Stochasticly Autocorrelated

We can also construct a dataset that is autocorrelated, but there are not fundamental underlying periodicities. To do this we just make the likelihood of a protest be contingent on the presence of a protest on the preceeding day.

``````data = [0]
for i in range(npts):
if data[-1]>0:
data.append(np.random.binomial(1, .8))
else:
data.append(np.random.binomial(1, .2))

plt.figure(figsize=(12,2))
plt.vlines(x=range(npts), ymin=0, ymax=1, linewidth=data, alpha=.5)
plt.xlabel('days')
plt.yticks([])
plt.box('off')
plt.title('protest events');
``````

When we look at a chart of the autocorrelation, we see the presence of autocorrelation around 0, which we expect. We also see, however peaks in autocorrelation that arise due to randomness, but are likewise hard to distinguish from the peaks we saw in the case of the complex underlying periodic function, when we only look at one timeseries.

``````nlags = 80
plt.bar(range(nlags+1), stattools.acf(data, nlags=nlags), alpha=.5, linewidth=0)
plt.title('Correlation with self, lagged n days')
plt.xlabel('Days lagged (n)')
plt.box('off')
plt.xlim(0,80);
``````

Indeed, if we try this experiment a number of times, and plot the autocorrelation graphs one on top of the other, we see that while the initial part of the chart showing that clustering exists is relatively well established, the remainder of the graph is essentially dominated by noise, and untrustworthy.

``````nlags = 80
for i in range(100):
data = [0]
for i in range(npts):
if data[-1]>0:
data.append(np.random.binomial(1, .8))
else:
data.append(np.random.binomial(1, .2))
plt.bar(range(nlags+1), stattools.acf(data, nlags=nlags), alpha=.025, linewidth=0)

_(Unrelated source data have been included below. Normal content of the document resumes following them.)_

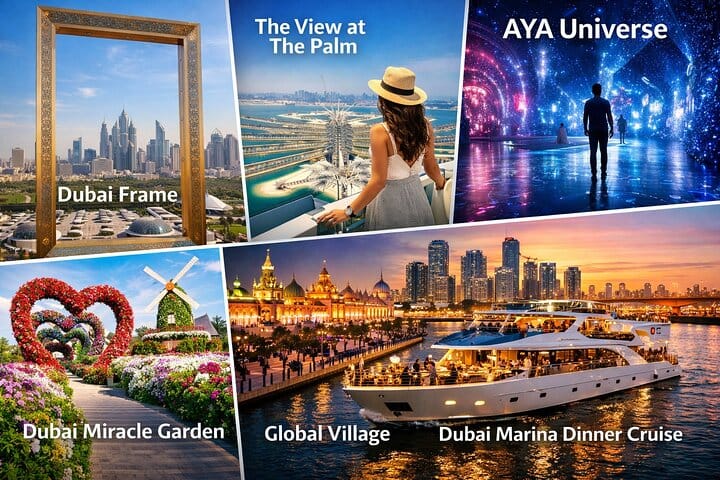 Explore the wonders of Dubai at your own pace with a flexible admission-only ticket package. This unique offering allows you to visit iconic landmarks like the Dubai Frame and The View at The Palm, enjoy immersive experiences at AYA Universe, and revel in the beauty of the Dubai Miracle Garden. Choose from curated combos that suit your interests, whether you're a first-time visitor or a family looking for cultural experiences. Enjoy guaranteed entry to the top attractions without the hassle of transportation, providing a stress-free adventure in this vibrant city.
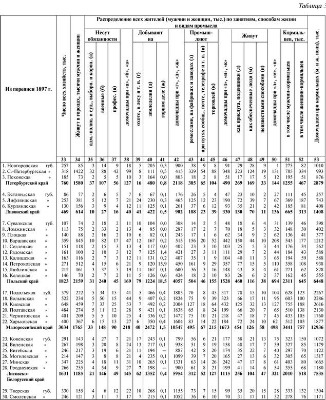 В столбце 43 содержится счет 5,1 млн лиц, зарабатывающих на промышленности переделывающей, т. е. ремесленной и фабричнозаводской. В переписи в этом отношении сделано очень много различий: выплавка металлов, обработка волокнистых веществ, животных продуктов, дерева, металлов, изделий из глины и стекла, химических продуктов, разных напитков, табака, производство печатных изделий, разных инструментов (физических, оптических и т. п.), ювелирных изделий, одежды, стройки, экипажей и т. п., но, не желая усложнять своих таблиц, я все отдельные числа свел в один столбец 43, тем более что и при таком скоплении разнообразных отраслей производства и ремесел получилась сравнительно небольшая общая сумма. Она пропорционально велика только в Подмосковном промышленном районе, где более 9,6 % жителей работают в указанном направлении. Сравнительно крупна и в Петербургском, Пермском и Польском краях, но во всех остальных промышленников относительно очень мало, что и отвечает общему слабому развитию у нас переделывающей промышленности.
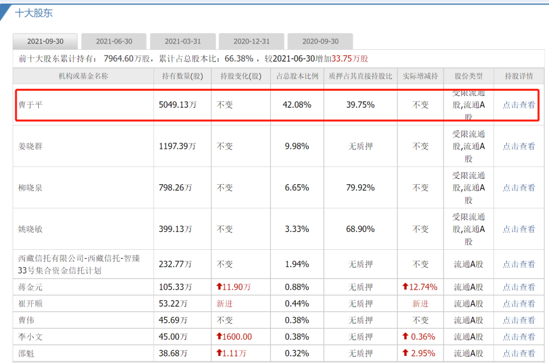 截止去年三季度末,公司前十大股东中,实控人曹于平质押比例达39.75%,第四大股东柳晓泉质押比例为79.92%,第6大股东质押比例为68.90%。
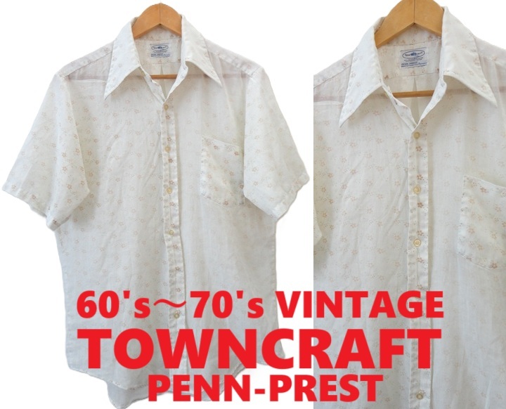 > 60's~70's ヴィンテージ/Penneys/TOWNCRAFT:タウンクラフト/PENN-PREST/コットンポリ 小花柄 半袖 シャツ/ホワイト/Msize相当/ペニーズ

plt.title('Correlation with self, lagged n days')
plt.xlabel('Days lagged (n)')
plt.box('off')
plt.xlim(0,80)
plt.ylim(-.2,1);
``````

The Challenge

It seems that we can have confidence using this method to identify that clusters exist in the timeseries. On the other hand, when we look at real-world timeseries, we will only have one example to work with, and so should be distrustful of any indications of periodicity we see, as we have no way to show that they are due to periodicity in an underlying function, or if they arise due to the peculiarities of the clustering process.